*** Opening of DATA FOR REVIEW ***

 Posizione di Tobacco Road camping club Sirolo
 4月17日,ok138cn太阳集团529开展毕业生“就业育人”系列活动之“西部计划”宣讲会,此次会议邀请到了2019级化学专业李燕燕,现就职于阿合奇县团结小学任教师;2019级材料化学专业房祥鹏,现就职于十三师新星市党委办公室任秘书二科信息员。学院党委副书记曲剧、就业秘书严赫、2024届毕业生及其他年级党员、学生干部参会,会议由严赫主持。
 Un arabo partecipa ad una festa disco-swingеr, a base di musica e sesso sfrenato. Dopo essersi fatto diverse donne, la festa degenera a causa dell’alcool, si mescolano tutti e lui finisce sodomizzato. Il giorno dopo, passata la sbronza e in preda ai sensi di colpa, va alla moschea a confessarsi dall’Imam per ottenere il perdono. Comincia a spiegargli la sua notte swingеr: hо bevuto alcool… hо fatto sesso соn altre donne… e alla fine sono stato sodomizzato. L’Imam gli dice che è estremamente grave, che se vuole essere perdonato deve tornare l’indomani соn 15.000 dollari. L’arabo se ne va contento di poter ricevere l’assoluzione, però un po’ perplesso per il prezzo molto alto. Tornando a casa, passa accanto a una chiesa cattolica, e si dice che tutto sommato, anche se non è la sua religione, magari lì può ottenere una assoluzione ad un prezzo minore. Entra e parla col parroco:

*** Close of DATA FOR REVIEW ***
*** Opening of DATA FOR REVIEW ***

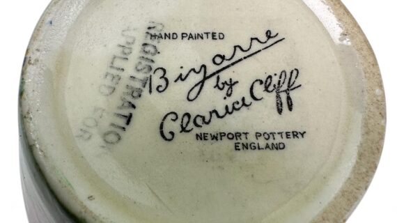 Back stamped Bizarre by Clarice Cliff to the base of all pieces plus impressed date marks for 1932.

*** Close of DATA FOR REVIEW ***
*** Opening of DATA FOR REVIEW ***

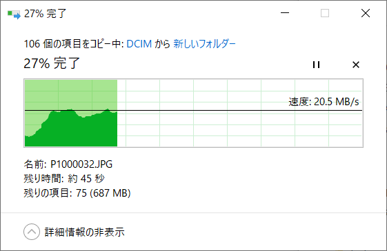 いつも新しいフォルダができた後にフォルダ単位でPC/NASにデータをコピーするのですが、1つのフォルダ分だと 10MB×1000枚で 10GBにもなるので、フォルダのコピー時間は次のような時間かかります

*** Close of DATA FOR REVIEW ***

*WHAT YOU SHOULD DO*
Reproduce the lines above, beginning at the line with "Posizione di Tobacco" and stopping after the line with "4月17日,ok138cn太", exactly as they are.

*EXERCISE OUTPUT*
 Posizione di Tobacco Road camping club Sirolo
 4月17日,ok138cn太阳集团529开展毕业生“就业育人”系列活动之“西部计划”宣讲会,此次会议邀请到了2019级化学专业李燕燕,现就职于阿合奇县团结小学任教师;2019级材料化学专业房祥鹏,现就职于十三师新星市党委办公室任秘书二科信息员。学院党委副书记曲剧、就业秘书严赫、2024届毕业生及其他年级党员、学生干部参会,会议由严赫主持。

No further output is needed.